Lines before the one containing "Realizzate in pregiato" are not copied; that line and every one after it, through the end of the material below, are printed exactly, without pictures.

___ Information provided

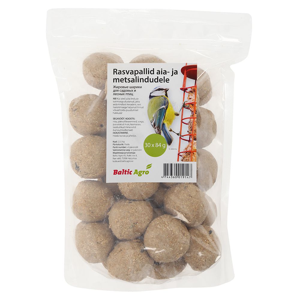Rasvapallid aia- ja metsalindudele 30 x 84 g (zip, võrguta) on toitainerikkad ja loodussõbralikud lisatoidupalad talviseks linnutoidulauaks. Mugavas taassuletavas pakendis sobivad need ideaalselt koduaeda või linnusõbralikku keskkonda.
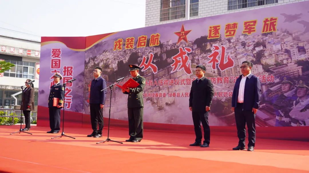 志存高远励青春,建功立业赴军营。3月16日,绿春县2025年上半年新兵入伍欢送仪式暨全民国防教育“进校园”在绿春县城举行,为即将踏上军旅征程、投身强军伟业的绿春儿女壮行!军地领导及各族各界人士共同为光荣入伍的新兵送行。
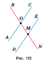 Измерьте углы \(AOB\), \(BOC\), \(DMN\), \(NME\) (рис. 113). Какие из этих углов равны?Измерьте углы \(AOB\), \(BOC\), \(DMN\), \(NME\) (рис. 113). Какие из этих углов равны?
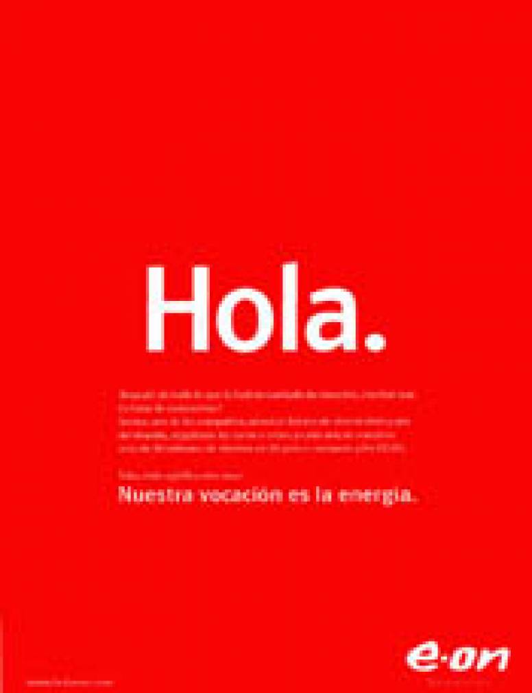 Los accionistas de Endesa y los consumidores españoles son el target de una campaña que invita al lector a interesarse por E.On: “Hola. Después de todo lo que le habrán contado de nosotros, ¿de verdad es hora de conocernos? Somos una de las compañías privadas líderes de electricidad y gas del mundo, orgullosos de servir a todos y cada uno de nuestros más de 30 millones de clientes en 20 países europeos y los EE.UU. Esto, sólo significa una cosa: nuestra vocación es la energía”.
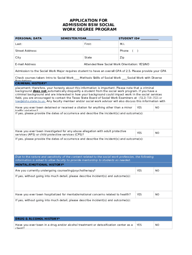 Frequently asked questions about BSW admission and application - School of Health Professions template
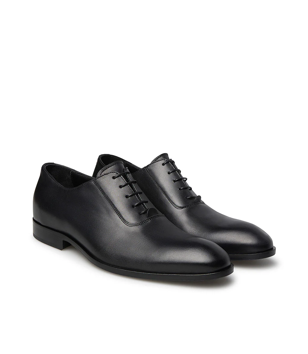 Realizzate in pregiato vitello nero, queste oxford sono le scarpe perfette per completare i tuoi outfits più eleganti. Sono realizzate con cura in Italia e presentano punta a mandorla, chiusura frontale con lacci sottili cerati e suola in cuoio.
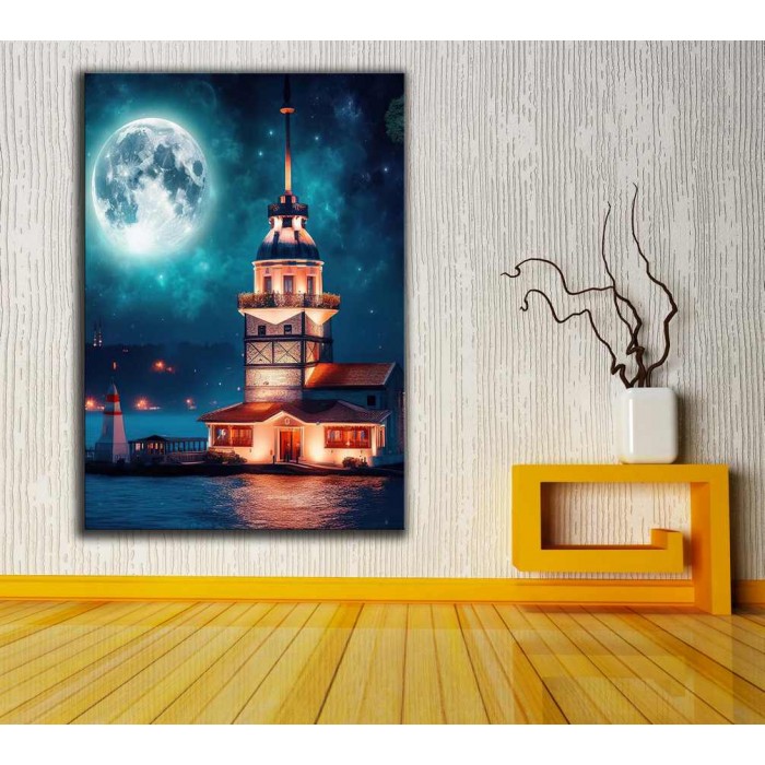 Kız Kulesi Kulesi ve Dolunay'da İstanbul Fantastik Masalsı Gece Kanvas Tablo dkmr289
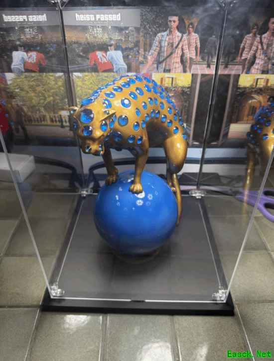 雕像原型源自游戏中佩里克岛劫案斯特里克勒金库玻璃柜里的那座黑豹雕像。这份礼物完全由该玩家手工打造:先通过3D打印塑形并上色,最后施加亮面涂层,雕像上镶嵌的“宝石”则是特意选购了多种尺寸的亚克力塑料精心搭配而成,高度还原了游戏中的造型。

______

Response area:
 Realizzate in pregiato vitello nero, queste oxford sono le scarpe perfette per completare i tuoi outfits più eleganti. Sono realizzate con cura in Italia e presentano punta a mandorla, chiusura frontale con lacci sottili cerati e suola in cuoio.
 Kız Kulesi Kulesi ve Dolunay'da İstanbul Fantastik Masalsı Gece Kanvas Tablo dkmr289
 雕像原型源自游戏中佩里克岛劫案斯特里克勒金库玻璃柜里的那座黑豹雕像。这份礼物完全由该玩家手工打造:先通过3D打印塑形并上色,最后施加亮面涂层,雕像上镶嵌的“宝石”则是特意选购了多种尺寸的亚克力塑料精心搭配而成,高度还原了游戏中的造型。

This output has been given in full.